In embryonic stem (ES) cells, CpG islands that are regulated by PcG proteins often
are “bivalent” in that they retain the permissive H3K36me2-depleted and
H3K4me3-enriched environment but also exhibit H3K27me3. Genes with bivalent promoters
often are actively silenced in ES cells but lose the repressive H3K27me3 mark while
retaining the activating H3K4me3 mark later during differentiation.
Histones can be phosphorylated on serine, threonine and tyrosine residues. Many of
the serine and threonine phosphorylation events play a role in DNA repair or DNA
condensation, segregation and decondensation during mitosis, but some are involved in
epigenetic regulation of transcription, including H3T3ph, H3T6ph, H3T11ph, H2.AS1ph,
H3S10ph and H4S41ph (reviewed in Pérez-Cadahía et al. 2010).

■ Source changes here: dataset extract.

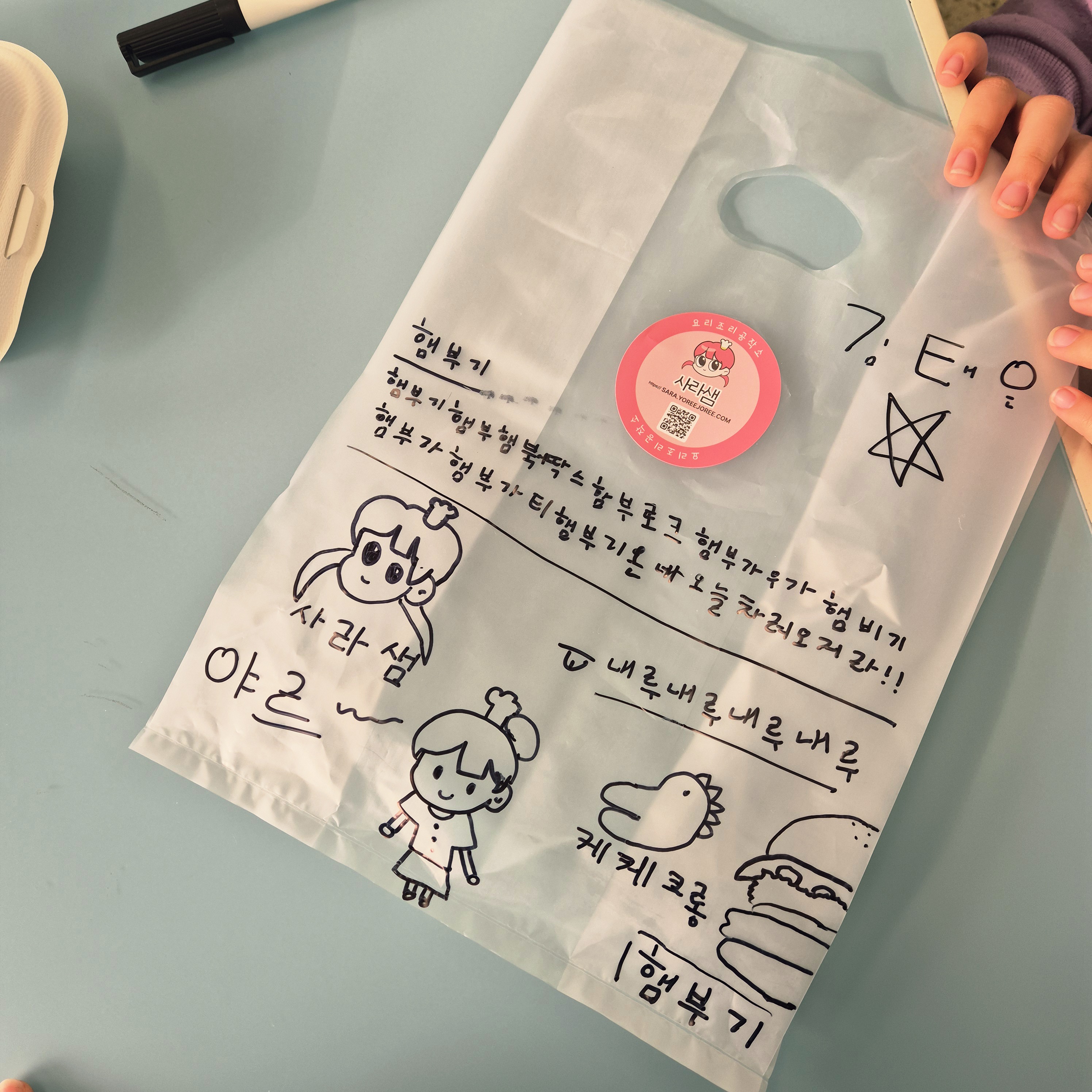 ​창의적인 박스 꾸미기: 이번 수업의 하이라이트! 친환경 펄프 용기에 네임펜으로 나만의 캐릭터와 글씨를 그려 넣어 '세상에 단 하나뿐인 버거 패키지'를 만들었답니다.

H3S10ph is one of the best characterized of these histone modifications. In addition
to its DNA-restructuring responsibilities during mitosis, H3S10ph seems important for
chromatin decondensation associated with transcriptional activation of target genes.
H3S10ph recruits chromatin-modifying enzymes and chromatin-remodeling complexes and
prevents binding of HP1 to neighboring H3K9me3 marks at the onset of mitosis.

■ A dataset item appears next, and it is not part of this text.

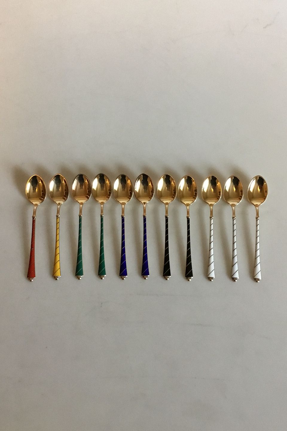 ELA Danmark Sæt på 6 stk. Mokkaskeer i forgyldt Sterling Sølv med farvet emalje. Måler 9,3 cm

H3S10ph, as well as H3T3ph and H3T11ph, can block binding of DNMT3a to H3, reducing
methylation of nearby chromatin (Zhang et al. 2010).
Several kinases are involved in phosphorylation of H3S10, including IkB kinase
α (IKKα) (Yamamoto et al. 2003; Anest
et al. 2003), proviral integration site for Moloney murine
leukemia virus 1 (PIM1) (Zippo et al. 2007) and ribosomal S6
kinase 2 (RSK2) (Sassone-Corsi et al. 1999). Addition of the
H3S10ph mark to H3K9me3 is catalyzed by Aurora B kinase (Sabbattini et
al. 2007), which also modulates chromosome structure during mitosis and
mediates chromosome alignment and attachment to microtubules of the mitotic spindle.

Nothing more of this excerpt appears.